I’m really inspired and excited by all these ideas you’ve all brought up and for your fantastic musings.  Thank you again!

 

Excellent posts, Jocelyn (and Bart, Kaelin, and Jeff)!

I haven't seen either 300 or Watchmen, but I'm very convinced by your post.

I won't be able to provide a thoughtful response, but I would to hear what you all think of this critic:

 

"Indeed, the ideal viewer — or reviewer, as the case may be — of the “Watchmen” movie would probably be a mid-’80s college sophomore with a smattering of Nietzsche, an extensive record collection and a comic-book nerd for a roommate. The film’s carefully preserved themes of apocalypse and decay might have proved powerfully unsettling to that anxious undergraduate sitting in his dorm room, listening to “99 Luftballons” and waiting for the world to end or the Berlin Wall to come down." (NYT, 06mar)

 

This is an excellent and biting review. But I think it gets at an interesting point: this reviewer doesn't ask a question of "should 'Watchmen' have stayed a graphic novel?" but "is there anything left of popular relevance in 'Watchmen' in 2009?" Just as Jeff notes, genres have expiration dates. The noir of 2009 is a warmed-over facsimile of noir of the 1940s. Could nihilism of Reagan-Thatcher have passed (I say yes, but I won't stop listening to the Smiths...)? In addition to a bad medium-to-medium transfer, could Watchman's bad-ness also lie in the fact that it was DOA, twenty years too late?

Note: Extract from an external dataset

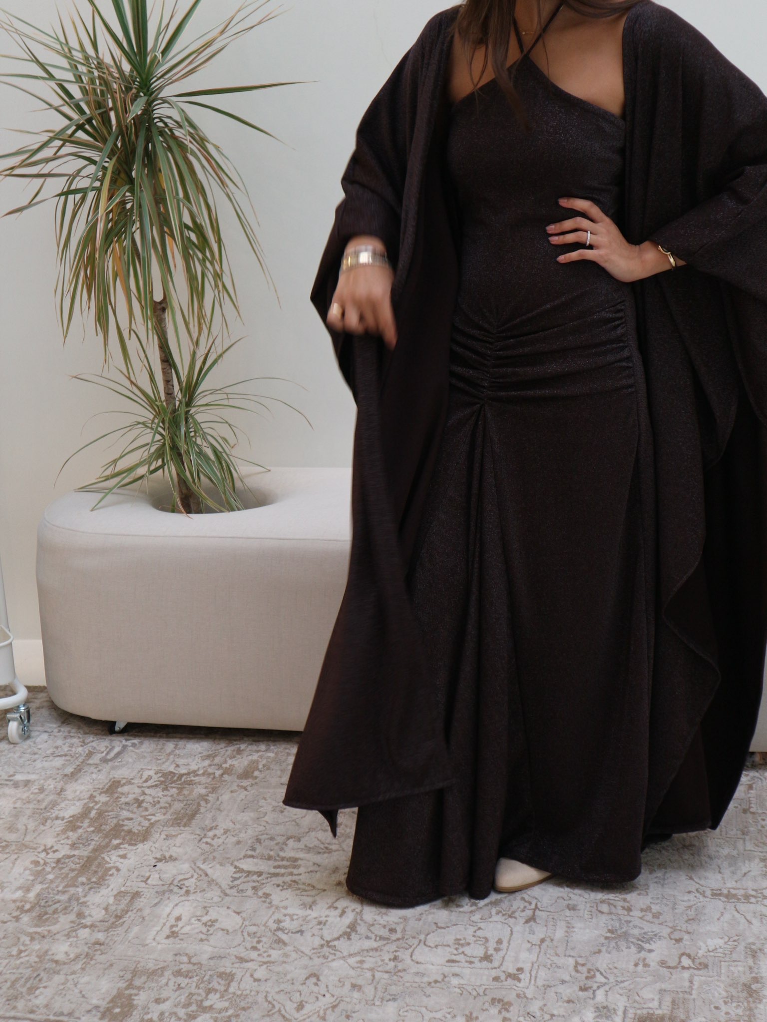 A chic two-piece set featuring a shimmer fabric daraa paired with a matching bisht.

I, too, think that Jocelyn brings up a very interesting distinction between "bad" films that have low budgets with great intentions, and "bad" films that have unlimited budgets with no soul and vision.

One of the most infuriating things about the Watchmen film (for me) was the bad acting. Malin Akerman ("Laurie") really stood out in the acting department, looking unsure of her lines and numb in the face. Frankly, her automaton-like performance played a large part in my distaste for the film. But even more notable actors, like Billy Crudup ("Dr. Manhattan"), Carla Gugino ("Sally") and Patrick Wilson ("Dan") delivered terrible performances. Jackie Haley ("Rorschach") and Jeffrey Morgan ("Comedian") gave it their best, but were overwhelmed by an otherwise lacklustre cast.
I think that in the performances of The Watchmen we have a point of intersection between the two financial opposites of "bad film". The Watchmen had the acting of a low-budget b-film, but the finances of an a-list film. And while I'd be willing to overlook some adaptation flaws in the structure, the awful direction and performances were too difficult to forgive.